A tarde estava quente e ensolarada. Sem energia elétrica, o jeito era caminhar acompanhando os trilhos. Ao chegar à Parada Petrópolis, observei um pouco adiante, uma movimentação inusitada. Olhando barranco abaixo, não vi a vegetação das várzeas do Córrego do Cordeiro. Tudo estava alagado.


Não chovia e o imenso espelho d’água, que já atingia nossa casa, refletia o sol da tarde daquela primavera que já se despedia. Corri. Quando cheguei o quintal, o galinheiro e a horta estavam submersos. Meu pai salvava as galinhas e as lebres. Tirei o uniforme e ao descer a escada, deparei-me com aquela água barrenta e fétida que inundava a casa, atingindo o quarto degrau e ali à frente, cobrinhas, ratos e outros bichos nadavam num “salve-se quem puder!”. Medo. Nojo... Era mister ajudar no rescaldo de nossos pertences.

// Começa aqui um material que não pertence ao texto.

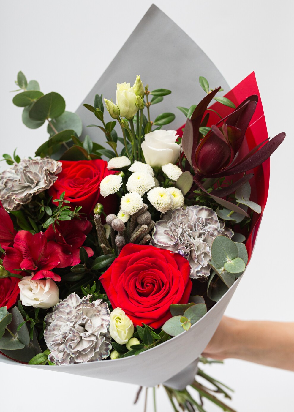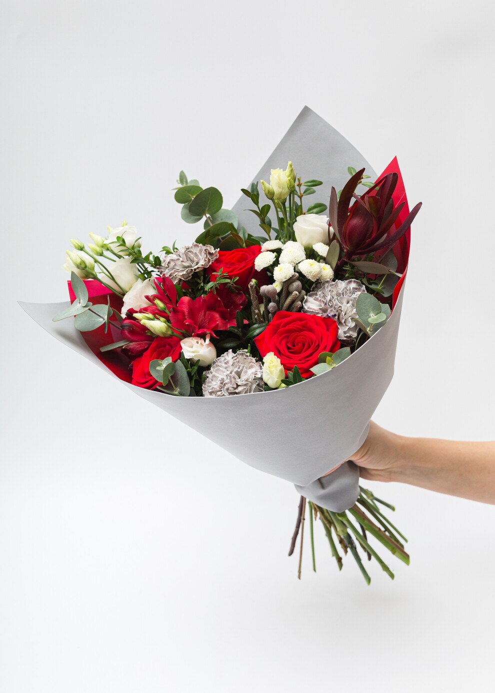 Средний букет с экзотичными деталями в нашем фирменном оформлении

O Córrego do Cordeiro deságua no rio Pinheiros e tem sua nascente na região de Diadema, onde um temporal arrasara tudo. Sem solo poroso para absorver as águas e com acúmulo de lixo sob a ponte da linha do bonde, a água escoou pelo leito do córrego, o mesmo córrego, onde anos atrás eu brincava e pescava lambaris, e a enchente se fez, sob o sol daquela tarde.


Em 1966, outra, muito maior, aconteceu numa manhã de domingo, no mês de março. Eu morava então na Rua da Prata, no andar superior de um predinho de dois andares. Grávida, ilhada no minúsculo apartamento em companhia das vizinhas mais próximas, que com os filhos buscaram abrigo. A água escondeu as janelas das casas térreas. Faltaram dois degraus para entrar em meu apartamento.


Outras enchentes assolaram a Vila Carmen durante muitos anos e ainda hoje, apesar da canalização do Córrego do Cordeiro e da construção de galerias subterrâneas para escoamento das águas, ainda ocorrem alagamentos que prejudicam o trânsito e causam transtornos aos moradores e passantes da região.


Março já se vai e com esse friozinho agradável e bem vindo que nos acolhe nesta manhã vem a esperança de que mais uma vez o tempo das águas se despede e dará trégua aos nossos sobressaltados corações.